Tuesday, October 15, 2019

'Turn Out Your Pockets on the Tablecloth'

“We are born each morning, shelled upon
A sheet of light that paves
The palaces of sight, and brings again
The river shining through the field of graves.”

Auden, you say?  No, Larkin, though Auden haunts the poem. Larkin had mostly shrugged off Yeats but Auden’s influence persisted. “Many Famous Feet Have Trod” was completed on this date, Oct. 15, in 1946, and (wisely) not published during Larkin’s lifetime. Read out of context, the passage above from the second of the poem’s thirteen eight-line stanzas sounds almost ecstatic – psychedelic? visionary? -- by Larkin’s customary standards. In Philip Larkin: Life, Art and Love (2014), James Booth likens the poem to the rhetoric in Fitzgerald’s Rubáiyát of Omar Khayyám.
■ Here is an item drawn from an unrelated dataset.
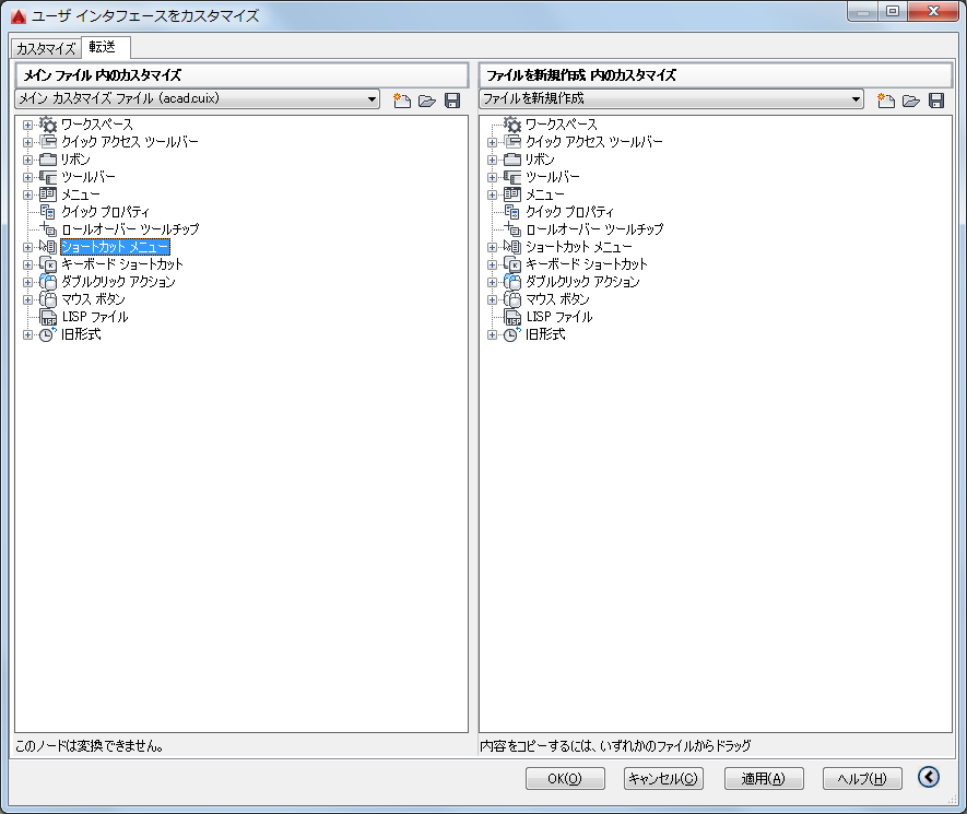 コマンド プロンプトで CUIIMPORT と入力すると、メイン CUIx ファイルが右ペインに表示されます(既定値では、AutoCAD ファイルの場合は acad.cuix、AutoCAD LT ファイルの場合は acadlt.cuix)。データを転送するには、CUI ファイルまたは旧形式のカスタマイズ ファイルを左ペインに開きます。コマンド プロンプトに対して CUIEXPORT と入力すると、メイン CUIx ファイルが左ペインに表示されます。データを転送するには、他の CUIx ファイルまたは旧形式のカスタマイズ ファイルを右ペインに開きます。

And that’s the problem with much of Larkin’s early work (he was twenty-four) and the work of many young poets, even great ones. They assemble rhetoric. They write not poems but poetic gestures. Individual lines and phrases may be memorable but the whole does not cohere. Larkin’s poem is uncharacteristically long, suggesting that he had difficulty keeping it in focus. The best of his mature work is tight, without flab or filler. Nothing can be added or removed without hobbling the whole. The fourth stanza begins memorably: “Turn out your pockets on the tablecloth; / Consider what we know.” The rest turns overly schematic, as though Larkin didn’t trust his own material. In his notes to the Complete Poems (2012), Archie Burnett quotes a letter Larkin wrote to his friend James Ballard Sutton one day after completing the poem:

“The attitude is that sorrow is personal & temporal, joy impersonal & eternal; but I have mainly wasted my time in arguing in verse that the whole of knowledge can be divided so . . . . What I feel is that death can ballock life. It does. But life can ballock death by means of sex (creating new life) or (less certainly) art. BUT it has no consolation (I imagine when the Reaper is knocking on your door).”

Stated so baldly, Larkin makes his poem and commentary sound adolescent. In “Many Famous Feet Have Trod,” he hasn’t yet learned how to suggest rather than intone emphatically. Within a few years he would give us “Church Going,” “I Remember, I Remember” and “Mr Bleaney.”